This isn’t wrong to do, but it does ignore some of the complexity in these data. Using one median price to represent all the homes can ignore other ways in which the homes are different from one another. Some homes are bigger than others, some homes have more bedrooms and bathrooms than others, and these differences may be associated with noticeable differences in the price. For example, larger homes will almost certainly cost more than smaller homes, and homes with more bedrooms will almost certainly cost more than homes with fewer bedrooms.

Tip

Understanding how the various attributes of a home contribute to its price requires multivariate thinking, which is a crucial learning goal for statisticians and data scientists.

If we want to see how the price of a house changes across different categories of houses, we must take into account which group each house belongs to when computing our summary statistics. In other words, we want one summary computation per group, rather than one overall summary. But as we’ve learned, R’s summary functions like mean() and median()always take many observations and “boil them down” to one number. How can we modify our coding to compute one summary per group instead?

Thankfully, we don’t actually need to change anything about how we use the mean() or median() functions, or anything about how we use the summarize() function. What we need to do is divide the data up into smaller groups before that data reaches the summarize function. This may sound complicated, but it’s actually as easy as adding one single line of code to our previous examples. What we need is the group_by() function!

Figure 2 illustrates the logic of the group_by() function. group_by() on its own doesn’t do much, but when combined with summarize(), it can be a powerful way to summarize data.

Figure 2: Visual depiction of the group_by() function.

Example: Median price by number of fireplaces

Let’s add a little nuance to the first question we asked about these data. Instead of asking “What is the typical price of a home?,” let’s ask: “does the typical home price depend on the number of fireplaces it has?”.

Looking through the SaratogaHouses data set and examining the fireplace variable, we see that there are 5 different groups of homes: homes with 0, 1, 2, 3 or 4 fireplaces in them. So to answer our question about these data, we take into account whether a home has 0, 1, 2, 3 or 4 fireplaces when computing the median price.
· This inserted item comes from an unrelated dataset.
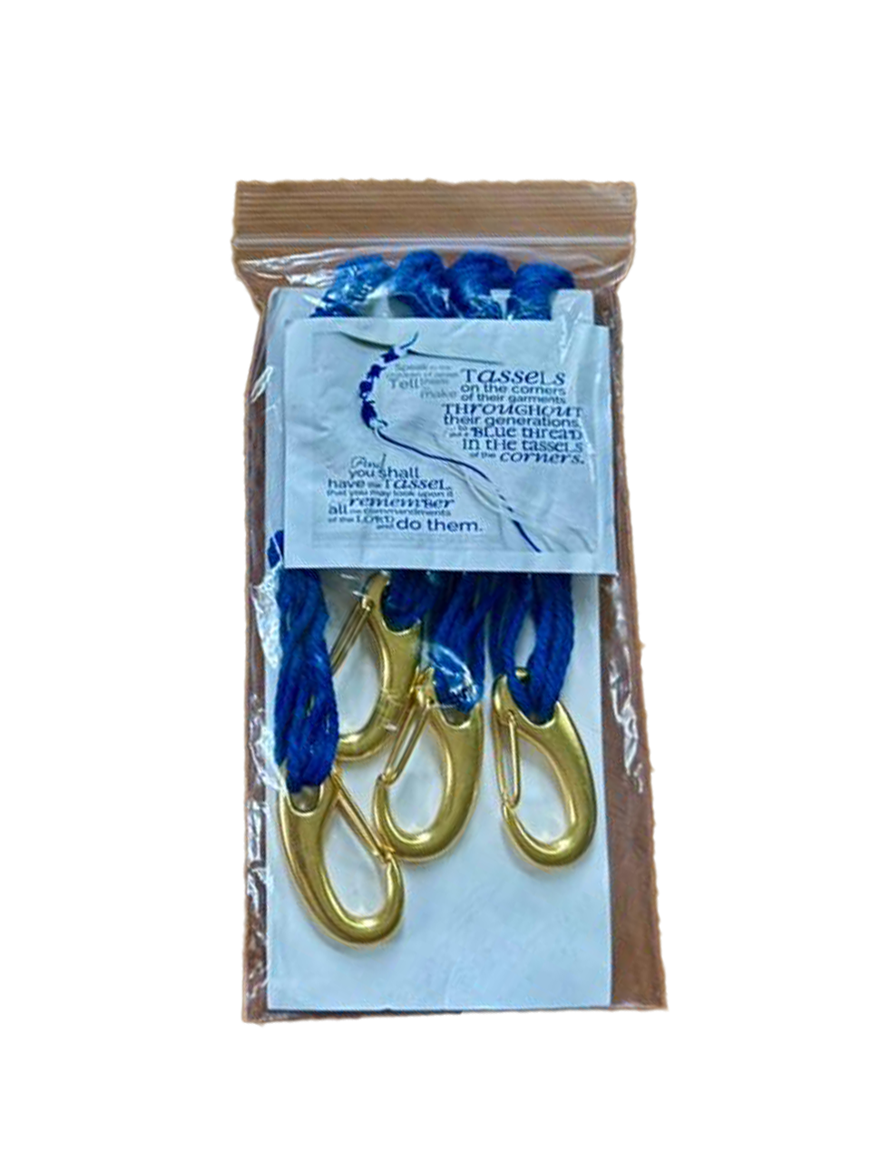 Traditional TsitTsit (fringes) in beautiful blue coloring. Each set includes four blue fringes, perfect for attaching to the four corners of your garment as commanded in the Torah. "Speak to the children of Yisra'el, and say to them to make tzitziyot on the corners of their garments throughout their generations, and to put a blue cord in the tzitzit of the corners." - Bemidbar (Numbers) 15:38 These fringes serve as a reminder of the commandments of YHWH and are made with quality materials for durability.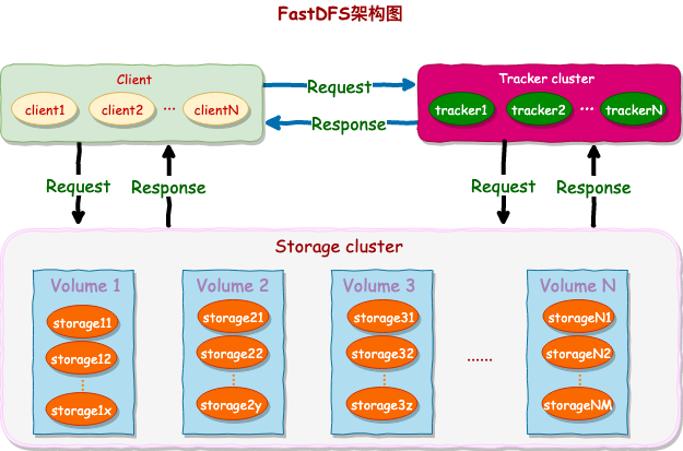 工作方式:客户端向 tracker 发出请求,然后 tracker 从 storage 节点拿到源数据,返还给客户端,然后客户端根据源数据再去请求 storage 节点。

We can incorporate this information by grouping the data according to the fireplace variable and then summarizing the price variable.

Code
SaratogaHouses |>
  group_by(fireplaces) |>
  summarize(median_price = median(price))
# A tibble: 5 × 2
  fireplaces median_price
       <int>        <dbl>
1          0       158250
2          1       215700
3          2       277750
4          3       360500
5          4       700000

Since there were five different groups of homes (one group for each number of fireplaces), our resulting summary has 5 rows in it: one median price for each type of home. We can see that the price of a home strongly depends on the number of fireplaces it has: homes with more fireplaces have higher median prices.

Figure 3 provides a simple schematic for this calculation (based on a small subset of the data).

Figure 3: Grouping the SaratogaHouses data set by the fireplaces variable, then summarizing each group using the median price.

Now, it’s time for you to practice computing your own group-wise summaries.

Question

Does the price of a home depend on the type of heating system it has?

To find out, insert a new code chunk into your Quarto document, and copy the code template below into this new code chunk.

SaratogaHouses |>
  group_by(______) |>
  summarize(median_price = median(price))

Then, modify the “blanks” in this template to compute the median price of of a home, given its type of heating system.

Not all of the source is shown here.